I have a simple Get(int id) method that should return a CustomObject if it's in the cache, or null otherwise.
My question: Is it faster/more efficient to lock the dictionary, or just use a try/catch block?
Assuming the dictionary is stored in a variable named "dic".
Lock Sample:
public CustomObject Get(int id)
{
lock(dic)
{
if (dic.ContainsKey(id)开发者_高级运维)
return dic[id];
}
return null;
}
Try/Catch Sample:
public CustomObject Get(int id)
{
try
{
return dic[id];
}
catch
{
return null;
}
}
I think you should test it in your own environment. Basically:
- Lock is cheap
- Try without getting an exception is cheap, maybe even cheaper then lock
- Try and getting exception is very expensive
So now the question is, how often you expect to have cache-miss, and therefore get an exception thrown. I would go for lock() as it's execution time is not dependent on whether you will or not get cache-hit, which means it's more predictable and measurable, while still - very cheap. I don't think that hundreds hits per second would be any problem.

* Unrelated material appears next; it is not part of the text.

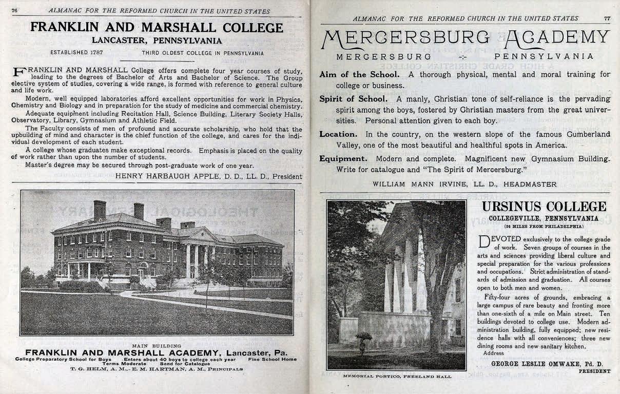 MERCERSBURG TODAY The seminary at Mercersburg experienced a number of physical transitions. Lancaster Theological Seminary (above) continues its spiritual legacy. You can also find Mercersburg resources at other academic institutions influenced by Mercersburg thinkers, such as Franklin and Marshall College (above right), where John Nevin served as president.

Simple tests I've made indicate, that getting cache-miss with try/catch is very, very expensive.
Edit:
Simple test shows that:
- try-no throw costs about 2ms for 100k retrieves
- lock costs about 6ms
- try-throw costs about 4seconds
Which means, got for lock(), because it's more efficient then try/catch if you're getting more then 1 cache miss per few thousands tries, and it's much more stable, being not depended on luck.
You can go ahead and write off the try-catch option. I do not know if it is slower or not, but I do know that it will not always yield correct, consistent, and predictable results if there is another thread updating the Dictionary
. The problem is that at some point the writer will have the Dictionary
in a half-baked state and there is no telling what the readers will see. This just will not work.
Option 1: If .NET 4.0 is available to you then I would use ConcurrentDictionary
.
Option 2: If you are using .NET 3.5 then you can download the Reactive Extensions backport. ConcurrentDictionary
is included in System.Threading.dll.
Option 3: Another idea is to keep two separate copies of the Dictionary
. One would only be used for reading while the other would serve as the official copy that accepts updates. Anytime you update the "official" Dictionary
you would clone it and overwrite the reference of the copy.
public class Example
{
// This is the official version which can accept updates.
private readonly Dictionary<int, CustomObject> official = new Dictionary<int, CustomObject>();
// This is a readonly copy. This must be marked as volatile for this to work correctly.
private volatile Dictionary<int, CustomObject> copy = new Dictionary<int, CustomObject>();
public class Example()
{
}
public void Set(int id, CustomObject value)
{
lock (official)
{
// Update the official dictionary.
official[id] = value;
// Now create a clone of the official dictionary.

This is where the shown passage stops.